You can go for a regular credit card if you are 100% positive that you can still qualify for one. If you’re unsure, you can go with a secured credit card as the activity on these will usually be reported to credit bureaus.
Using a credit card to repair our credit is probably the smartest way to use a credit card, but there are many others. If you want to learn a few tips on how to make your cards work for you and not against you, we suggest you check out this Tally article on the smartest ways to use a credit card. They give a few important tips on how to use a credit card responsibly. They even teach you how you could use a credit card as a budgeting tool and a few bad habits you should avoid at all costs.
Closing Credit Cards Will Improve My Credit
Wrong again. Showing positive activity on your credit report will benefit your credit score but having less activity will make no difference. It would actually be better to pay that card off in full and leave the account open. This way, you’ll be able to reduce your credit utilization ratio, which is one of the major factors that will affect your credit score.
There’s Nothing Wrong with Making Multiple Applications
We would like to say, however, that you have to be careful with the number of requests for credit that you make within a short period. This will be interpreted as a very bad thing by most credit bureaus and could hurt your credit.
That’s because it shows that you may be a bit too eager for money. That is a sign of financial distress, and it will be reflected in your score. If you’re going to apply for credit, choose a company that will perform a soft inquiry first. This is where they’ll be able to assess your financial and credit information without making a direct inquiry on your credit report. They will then be able to tell you if you have a realistic chance of being approved.
It’s Always Better to Pay the Minimum on Your Balance
This is one of the strangest and yet most widespread myths circulating about credit. There is this idea that credit card companies love people who constantly pay the minimum on their balance because it allows them to make more money on interest. What they don’t say is that these people are also huge risks for credit card companies and have a much higher chance of defaulting.
Pay your cards in full every single month if you can. If you have debt on multiple credit cards, pay off the one with the highest balance first. This will have the greatest effect on your credit score.

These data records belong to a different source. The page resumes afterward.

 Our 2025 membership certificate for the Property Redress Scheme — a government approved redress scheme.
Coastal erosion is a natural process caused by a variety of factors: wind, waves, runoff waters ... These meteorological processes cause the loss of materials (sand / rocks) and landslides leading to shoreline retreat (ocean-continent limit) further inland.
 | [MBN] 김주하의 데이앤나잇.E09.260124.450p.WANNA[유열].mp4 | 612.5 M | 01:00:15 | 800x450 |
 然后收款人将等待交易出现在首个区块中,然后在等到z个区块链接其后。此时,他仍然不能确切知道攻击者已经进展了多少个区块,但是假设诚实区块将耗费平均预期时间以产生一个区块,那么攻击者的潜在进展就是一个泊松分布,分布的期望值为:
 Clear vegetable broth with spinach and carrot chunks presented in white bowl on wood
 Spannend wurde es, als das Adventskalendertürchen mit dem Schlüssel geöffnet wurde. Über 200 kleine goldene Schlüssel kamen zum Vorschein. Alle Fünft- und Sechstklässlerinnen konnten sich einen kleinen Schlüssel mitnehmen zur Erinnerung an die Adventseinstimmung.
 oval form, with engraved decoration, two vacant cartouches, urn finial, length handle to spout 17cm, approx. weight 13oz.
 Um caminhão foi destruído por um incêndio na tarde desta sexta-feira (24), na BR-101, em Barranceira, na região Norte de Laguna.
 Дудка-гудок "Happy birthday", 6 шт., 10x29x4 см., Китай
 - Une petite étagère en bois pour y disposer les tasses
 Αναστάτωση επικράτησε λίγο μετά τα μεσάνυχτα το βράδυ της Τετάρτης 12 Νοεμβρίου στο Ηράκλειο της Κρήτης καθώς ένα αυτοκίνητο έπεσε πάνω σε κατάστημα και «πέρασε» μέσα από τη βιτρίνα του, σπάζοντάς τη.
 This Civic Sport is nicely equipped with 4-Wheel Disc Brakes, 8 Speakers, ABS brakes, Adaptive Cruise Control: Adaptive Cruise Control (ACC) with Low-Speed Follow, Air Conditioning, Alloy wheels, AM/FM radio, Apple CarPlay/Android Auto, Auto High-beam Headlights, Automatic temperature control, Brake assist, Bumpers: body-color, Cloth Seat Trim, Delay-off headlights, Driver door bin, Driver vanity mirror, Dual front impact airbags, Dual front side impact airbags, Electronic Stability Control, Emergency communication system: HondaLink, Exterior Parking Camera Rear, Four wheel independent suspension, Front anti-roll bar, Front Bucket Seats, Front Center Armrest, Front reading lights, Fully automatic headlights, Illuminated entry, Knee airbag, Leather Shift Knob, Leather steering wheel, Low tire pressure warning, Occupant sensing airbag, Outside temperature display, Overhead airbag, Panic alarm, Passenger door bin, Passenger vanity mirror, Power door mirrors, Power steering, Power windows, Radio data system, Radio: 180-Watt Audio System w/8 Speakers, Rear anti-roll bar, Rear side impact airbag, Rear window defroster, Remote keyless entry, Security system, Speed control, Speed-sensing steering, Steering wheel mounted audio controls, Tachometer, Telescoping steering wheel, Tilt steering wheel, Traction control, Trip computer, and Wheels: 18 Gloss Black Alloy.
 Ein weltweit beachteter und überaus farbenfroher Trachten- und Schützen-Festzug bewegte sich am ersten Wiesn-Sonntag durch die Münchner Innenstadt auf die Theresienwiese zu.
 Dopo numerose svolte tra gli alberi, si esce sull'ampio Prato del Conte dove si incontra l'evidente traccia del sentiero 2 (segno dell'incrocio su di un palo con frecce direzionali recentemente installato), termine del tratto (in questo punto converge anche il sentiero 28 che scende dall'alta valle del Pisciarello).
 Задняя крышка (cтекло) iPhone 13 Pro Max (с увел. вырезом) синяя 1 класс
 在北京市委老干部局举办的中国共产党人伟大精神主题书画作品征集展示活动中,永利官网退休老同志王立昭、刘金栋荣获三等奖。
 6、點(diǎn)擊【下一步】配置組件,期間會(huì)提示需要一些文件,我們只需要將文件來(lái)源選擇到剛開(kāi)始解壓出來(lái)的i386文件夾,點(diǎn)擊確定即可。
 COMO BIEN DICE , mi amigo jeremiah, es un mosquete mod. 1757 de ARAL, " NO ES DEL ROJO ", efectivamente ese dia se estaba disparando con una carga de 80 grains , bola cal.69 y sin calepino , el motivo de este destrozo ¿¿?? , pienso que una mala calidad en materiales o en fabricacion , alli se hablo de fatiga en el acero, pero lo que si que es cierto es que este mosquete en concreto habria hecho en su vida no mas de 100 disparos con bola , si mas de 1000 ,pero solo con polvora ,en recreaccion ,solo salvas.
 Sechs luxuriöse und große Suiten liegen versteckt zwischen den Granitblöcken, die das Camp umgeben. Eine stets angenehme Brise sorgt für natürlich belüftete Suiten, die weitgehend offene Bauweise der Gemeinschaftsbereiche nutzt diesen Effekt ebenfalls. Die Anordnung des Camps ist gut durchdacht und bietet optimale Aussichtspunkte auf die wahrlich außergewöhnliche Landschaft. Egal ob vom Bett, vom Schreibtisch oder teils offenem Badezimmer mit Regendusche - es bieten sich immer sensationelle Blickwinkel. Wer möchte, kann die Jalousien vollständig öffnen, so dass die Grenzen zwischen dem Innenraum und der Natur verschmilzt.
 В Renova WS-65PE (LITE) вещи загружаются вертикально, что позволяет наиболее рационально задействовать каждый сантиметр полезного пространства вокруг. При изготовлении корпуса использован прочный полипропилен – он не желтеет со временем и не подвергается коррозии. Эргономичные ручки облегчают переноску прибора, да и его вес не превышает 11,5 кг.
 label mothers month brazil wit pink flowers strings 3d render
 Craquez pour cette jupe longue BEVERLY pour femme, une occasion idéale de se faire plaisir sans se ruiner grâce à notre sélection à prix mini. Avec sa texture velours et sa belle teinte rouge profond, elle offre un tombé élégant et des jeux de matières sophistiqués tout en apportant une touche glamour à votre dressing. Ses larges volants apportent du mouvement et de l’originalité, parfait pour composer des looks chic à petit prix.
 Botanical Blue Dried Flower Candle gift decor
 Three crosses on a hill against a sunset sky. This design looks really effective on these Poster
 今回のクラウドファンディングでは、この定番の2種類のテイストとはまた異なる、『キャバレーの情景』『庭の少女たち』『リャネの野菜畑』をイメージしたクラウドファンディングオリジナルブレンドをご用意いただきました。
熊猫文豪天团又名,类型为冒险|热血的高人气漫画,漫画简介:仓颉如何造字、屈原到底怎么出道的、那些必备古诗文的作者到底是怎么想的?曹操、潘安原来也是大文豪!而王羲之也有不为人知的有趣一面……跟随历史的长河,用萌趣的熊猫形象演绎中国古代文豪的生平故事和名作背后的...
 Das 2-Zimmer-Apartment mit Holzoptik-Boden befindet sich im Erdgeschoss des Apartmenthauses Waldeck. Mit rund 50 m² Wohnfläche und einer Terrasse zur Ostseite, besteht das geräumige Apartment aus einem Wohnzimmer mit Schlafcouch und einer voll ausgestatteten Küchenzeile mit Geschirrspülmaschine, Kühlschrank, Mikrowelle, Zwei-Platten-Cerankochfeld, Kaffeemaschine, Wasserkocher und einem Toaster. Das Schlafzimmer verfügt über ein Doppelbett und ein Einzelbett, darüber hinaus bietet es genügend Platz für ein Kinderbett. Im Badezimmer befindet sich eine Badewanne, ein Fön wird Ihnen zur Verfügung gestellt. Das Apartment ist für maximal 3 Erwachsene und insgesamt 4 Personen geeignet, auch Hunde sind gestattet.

Income Affects Credit Score
Credit scores have little to do with your income, believe it or not. Someone can have a great income, but spend irresponsibly, while someone with a more modest income may be treating all of their accounts like gold. Your credit score is more a measure of your financial habits and your ability and willingness to make payments than your income. Financial institutions will look at your income when issuing a credit card or a loan, but your credit score will remain largely unaffected by it.
Credit is something you need to know as much as you can about, or you might have to deal with the consequences. Understanding credit will also allow you to use it properly and unleash its true power.